Data provided —
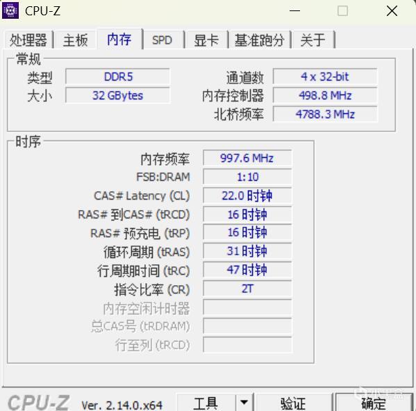 ▼內存是16GB*2,頻率5600MHz,時序46-45-45-89,不知道什麼原因,CPU-Z這裏識別錯了內存的頻率、時序。
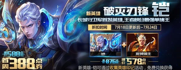 长城守卫军首发英雄-铠免费兑换开启,集齐英雄印记,即可在页面上领取【铠的召唤钥匙】,版本更新后可在游戏内活动面板免费兑换破灭刃锋-铠;
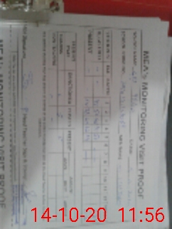 | Monitoring Date: 14-10-2020 | Start Time: 14-10-2020 11:23 AM | End Time: 14-10-2020 12:00 PM | Name of MEA: M.Is**** (S**** 03**** | |
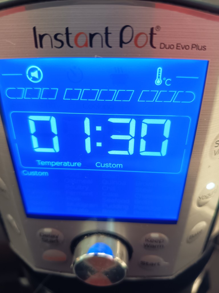 2. Am pus o lingură de ulei de măsline în vasul Instant Pot și, cu o pensulă am uns baza și pereții. În felul acesta aluatul nu se va lipi de vas și va fi foarte ușor de curățat. Am pus aluatul. Am închis capacul, am selectat opțiunea Yoghurt, Custom și, automat, a fost setată 1 ora și 30 de minute.
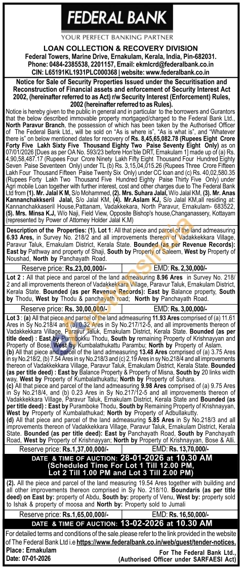 Lot 3: (a) All that piece and parcel of the land admeasuring 11.93 Ares comprised of (a) 11.61. Ares in Sy No.218/4 and (b) 0.32 Ares in Sy No.217/12-5, and all improvements thereon of Vadakkekkara Village, Paravur Taluk, Ernakulam District, Kerala State. Bounded (as per title deed): East by Purmbokku Thodu, South by remaining Property of Krishnayyan and Property of Bose, West by Kumbalathukattu Parambu; North by Property of Aslam. (b) All that piece and parcel of the land admeasuring 13.48 Ares comprised of (a) 3.75 Ares in sy No.218/2, (b) 7.54 Ares in sy No.218/3 and (c) 2.19 Ares in sy No.218/4 and all improvements thereon of Vadakkekkara Village, Paravur Taluk, Ernakulam District, Kerala State. Bounded (as per title deed): East by Balance Property & Property of Misna, South by 20 links width way. West by Property of Kumbalathukattu; North by Property of Suhara. (c) All that piece and parcel of the land admeasuring 9.98 Ares comprised of (a) 9.75 Ares in Sy No.218/4, and (b) 0.23 Ares in Sy No.217/12-5 and all improvements thereon of Vadakkekkara Village, Paravur Taluk, Ernakulam District, Kerala State and Bounded (as per title deed): East by Puramboke Thodu, South by Remaining Property of Krishnayyan, West by Property of Kumbalathukad; North by Property of Adbullakutty. (d) All that piece and parcel of the land admeasuring 5.85 Ares in Sy No.218/3 and all improvements thereon of Vadakkekkara Village, Paravur Taluk, Ernakulam District, Kerala State. Bounded (as per title deed): East by Panchayath Road, South by Panchayath Road, West by Property of Krishnayyan; North by Property of Krishnayyan, Bose & Alli
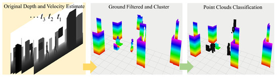 A requirement for the motion planning and control of the UAV is the perception of obstacles. Obstacles in the real world can be both moving and static. We use DBSCAN [26] and the voting of an individual point to classify obstacles based on several continuous frames of the point cloud [27]. The overall process is shown in Figure 3. First, the average velocity of each point cloud is calculated after ground filtering and down-sampling. Then the velocity of each point cloud cluster is obtained by Equation (1), where is the velocity of obstacle, t is time, and represent the position in current and previous frame, respectively, n is the number of points contained in the cluster, and represents the time interval between two frames. When the point cloud velocity is greater than (0.3 m· s), the object is categorized as a dynamic object because the UAV is already at risk from it. Furthermore, if a point’s velocity exceeds , the point will vote for it to be dynamic. The obstacle will be recognized as a dynamic obstacle if the ratio of dynamic votes over valid points is higher than another threshold , represented in (2). Finally, two classifications of dynamic and static obstacles are obtained.

Work instruction — In the records above, find the line with "2. Am pus o" and the line with "Lot 3: (a) All"; please transcribe exactly those two lines and all lines between them, omitting any picture.

Response to the exercise —
 2. Am pus o lingură de ulei de măsline în vasul Instant Pot și, cu o pensulă am uns baza și pereții. În felul acesta aluatul nu se va lipi de vas și va fi foarte ușor de curățat. Am pus aluatul. Am închis capacul, am selectat opțiunea Yoghurt, Custom și, automat, a fost setată 1 ora și 30 de minute.
 Lot 3: (a) All that piece and parcel of the land admeasuring 11.93 Ares comprised of (a) 11.61. Ares in Sy No.218/4 and (b) 0.32 Ares in Sy No.217/12-5, and all improvements thereon of Vadakkekkara Village, Paravur Taluk, Ernakulam District, Kerala State. Bounded (as per title deed): East by Purmbokku Thodu, South by remaining Property of Krishnayyan and Property of Bose, West by Kumbalathukattu Parambu; North by Property of Aslam. (b) All that piece and parcel of the land admeasuring 13.48 Ares comprised of (a) 3.75 Ares in sy No.218/2, (b) 7.54 Ares in sy No.218/3 and (c) 2.19 Ares in sy No.218/4 and all improvements thereon of Vadakkekkara Village, Paravur Taluk, Ernakulam District, Kerala State. Bounded (as per title deed): East by Balance Property & Property of Misna, South by 20 links width way. West by Property of Kumbalathukattu; North by Property of Suhara. (c) All that piece and parcel of the land admeasuring 9.98 Ares comprised of (a) 9.75 Ares in Sy No.218/4, and (b) 0.23 Ares in Sy No.217/12-5 and all improvements thereon of Vadakkekkara Village, Paravur Taluk, Ernakulam District, Kerala State and Bounded (as per title deed): East by Puramboke Thodu, South by Remaining Property of Krishnayyan, West by Property of Kumbalathukad; North by Property of Adbullakutty. (d) All that piece and parcel of the land admeasuring 5.85 Ares in Sy No.218/3 and all improvements thereon of Vadakkekkara Village, Paravur Taluk, Ernakulam District, Kerala State. Bounded (as per title deed): East by Panchayath Road, South by Panchayath Road, West by Property of Krishnayyan; North by Property of Krishnayyan, Bose & Alli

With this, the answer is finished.